Selected university offices and honors 
Fang is Director of Institute of Statistics and Computational Intelligence and Emeritus Professor at Hong Kong Baptist University, after having been Full Professor of the Institute of Applied Mathematics of the Chinese Academy of Sciences. He is an Elected Fellow (or Elected Member) of the Institute of Mathematical Statistics, of the International Statistical Institute (ISI), of the American Statistical Association (ASA), and of the Hong Kong Statistical Society (HKSS). The Hong Kong Baptist University honored Professor Fang with the President's Award for Outstanding Performance in Scholarly Work in 2001. Fang and Zhang's book Generalized multivariate analysis was honored as a "most excellent book in China" by the Government Information and Publication Administration.

Biography 
Fang's early life is described by Agnes Loie in a volume published on his 65th birthday. Fang was born in 1940 in Taizhou in the province of Jiangsu in China. He graduated from  Jiangsu's Yangzhou High School.

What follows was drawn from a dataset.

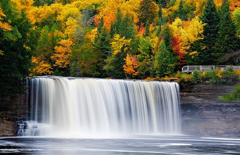 野猪山森林公园(Porcupine Mountains Wilderness State Park),由于地处北部密西根州顶端区域,气温下降较早,每年也是红叶高峰期首先到来的区域之一。沿着公园主干道 South Boundary Road一路向前, 路两边的浓浓秋意尽收眼底. 沿途在Summit Peak登塔眺望远方, 秋日的壮丽会让你不虚此行。野猪山公园的另一看点便是瀑布,开车至主干道尽头的Presque Isle River, 数条瀑布或笔直倾流而下,或蜿蜒展转缓缓而流, 动静结合令人贪恋美景不舍离去。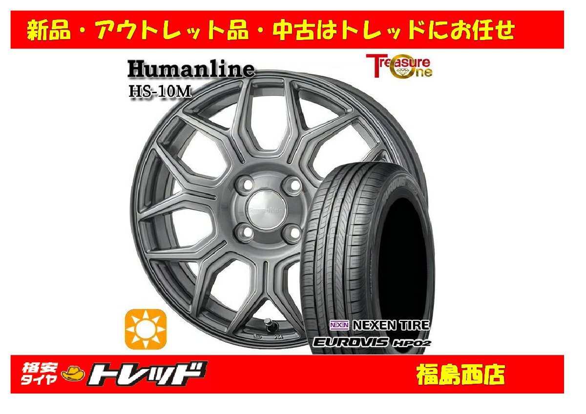 - 福島西 新品 サマータイヤホイール4本SET ヒューマンライン HS-10M 15インチ 5.5J 100/4H +50 & ロードストーン HP02 185/65R15 88H

University studies and the Cultural Revolution 
In 1957 he studied mathematics at Peking University, after which he entered the graduate program at the Institute of Mathematics of the Chinese Academy of Sciences, in Beijing. His doctoral supervisor was Pao-Lu Hsu, who suggested that Fang provide a multivariate generalization and correction of a univariate result, which had been given an incomplete proof in a Russian paper. With two weeks' work, Fang's submitted his extensions, which were declared by Hsu to suffice for his dissertation. Unfortunately, this paper remained unpublished for 19 years because the Cultural Revolution destroyed academic publishing in China. Fang reported that his studies were halted for the ten years of the Cultural Revolution, which lasted from 1966 to 1976.

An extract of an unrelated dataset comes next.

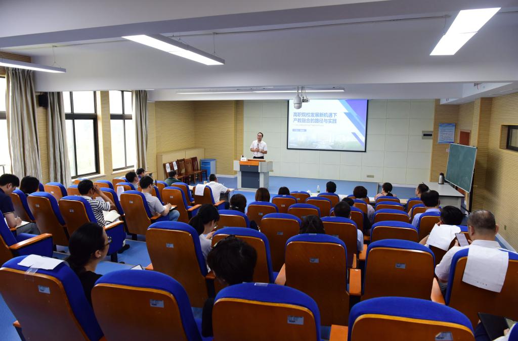 此次论坛邀请了浙江工商职业技术学院科研与社会服务处处长楼晓东教授作《高职院校发展新机遇下产教融合的路径与实践》专题讲座。楼教授结合浙江工商职业技术学院典型经验,用生动的案例重点讲解了产教融合的背景意义、探索实践和期待展望。讲座结束后,与会教职工就讲座中感兴趣的问题与楼教授进行了进一步的讨论。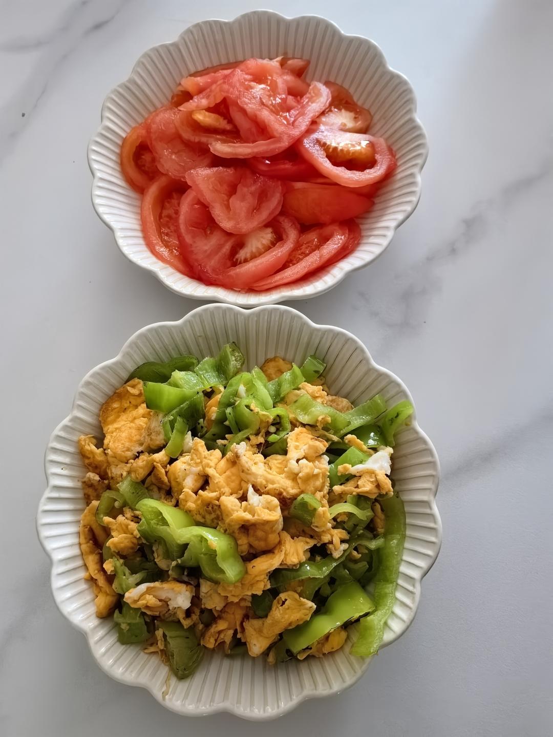 凉拌番茄、青椒炒鸭蛋+梅干菜饼

After graduating from Peking University, he undertook postgraduate studies at the Institute of Mathematics of Academia Sinica, which had less "political chaos" than Peking University, according to Fang. There, as a postgraduate researcher, Fang was supervised by Minyi Yue. In 1965, he was assigned to the Anshan Steel and Iron Company, where he gave lectures to engineers and worked on nonlinear regression, before being sent to a rural village to work as a laborer for the rest of 1965 and 1966. In 1972 Fang and other staff at the Academy of Sciences promoted the use of experimental design to improve Tsingtao Beer.

Revival of academic life 
Fang was successively appointed to be assistant researcher and assistant professor in 1978. He then joined the Institute of Applied Mathematics of the Chinese Academy of Sciences, and he became Associate Professor in 1980 and associate director of the institute in 1984. He was appointed full professor in 1986.

Multivariate analysis 

In mathematical statistics, Fang has published textbooks and monographs in multivariate analysis. In particular, his books have extended classical multivariate analysis beyond the multivariate normal distribution to a generalized multivariate analysis using more general elliptical distributions, which have elliptically contoured distributions.

His book on Generalized multivariate analysis (with Zhang) has extensive results on multivariate analysis for elliptical distributions, to which T. W. Anderson refers readers of his An introduction to multivariate statistical analysis (3rd ed., 2003). The Fang and Zhang monograph used matrix differential calculus. One of Generalized multivariate analysis'''s innovations was its extensive use of the multilinear algebra, particularly of the Kronecker product and of vectorization, according to Kollo and von Rosen. Fang and Zhang's Generalized multivariate analysis'' was honored as a "most excellent book in China" by the Government Information and Publication Administration.

Combinatorial design and experiments: uniform designs 

Fang also has conducted research in the design of experiments. In 1972, he worked with the Tsingdao Beer factory and other factories. He and other mathematical statisticians at the Chinese Academy of Sciences promoted the industrial use of orthogonal designs. Orthogonal designs are discussed in the books and papers of Fang on "uniform designs" and also by other authors.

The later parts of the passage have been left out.